No hay en el mundo entero
un cura, sabio o notario,
ni entrada en el diccionario
que testifique un sí quiero
sin anillos a la par.
O eso pensó María
Paz de Malvas Salazar
la víspera de aquel día
en que se iba a casar.
Se desposó en matrimonio
y entregó su patrimonio
a quien convino esposar:
don Justo Ladrón Letal;
vividor y caradura
que cavó la sepultura
de su cónyuge al palmar.
Y es que, una vez casados,
le dejaba preparado
todas las tardes un té
a su parienta María.
Ella no sabía por qué,
pero el caso es que sabía
que no sabía muy bien
aquel té que se bebía.
Le supo tan raro aquel
brebaje que le servía,
que no supo bien qué hacer;
y entre un té y otro té,
un sábado veintiuno,
más o menos a las tres,
sintió algo inoportuno.
Como Justo no venía,
hizo el petate y se fue.
Entró en la enfermería
en coma, en neumología
y en el féretro.
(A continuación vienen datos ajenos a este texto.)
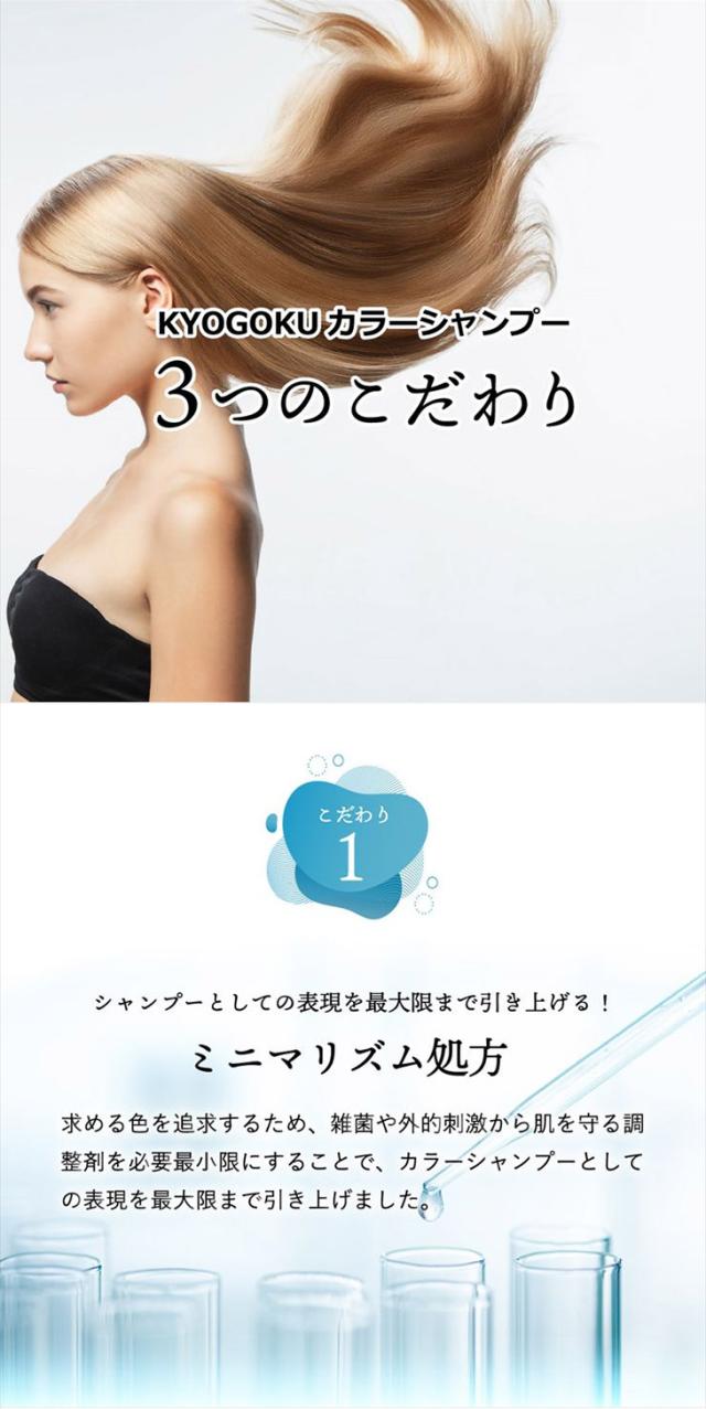 また同シリーズのKYOGOKUブルーパープルシャンプー BPを使用していただけますと色味をもっと楽しむことができます。

Doy fe.
Don Justo cerró la historia
quedándose con la herencia
y le dijo a su conciencia:
aquí Paz y después Gloria.
Gloria era una vecina
de dinero y de buen ver
a quien él tomó por prima;
por prima y por su mujer.
Justo en su casa solía
tomar con ella café.
Ella sabía de memoria
cómo le gustaba a él,
y a él le sabía a gloria.
Hoy justo hace un mes
estuvimos en su entierro:
tras una crisis mortuoria,
quebró su salud de hierro.
Que Dios la tenga en su gloria.
De justo tenía lo justo;
de ladrón, el apellido,
y como habrán intuido,
pues no les resulta ajeno,
mataba que daba gusto,
haciendo a su nombre bueno.
Por acabar este engrudo
de los cafés y del té,
allí se quedó el viudo
con su pena y su parné.
Por si lo echabais de menos
(porque sé que sois curiosos),
hubo otra esposa después
a quien puso diez venenos
donde el café deja posos,
y, por supuesto, en el té:
Matilde Diez Alonso...
por quien os pido un responso.
Y esto fue todo. Amén.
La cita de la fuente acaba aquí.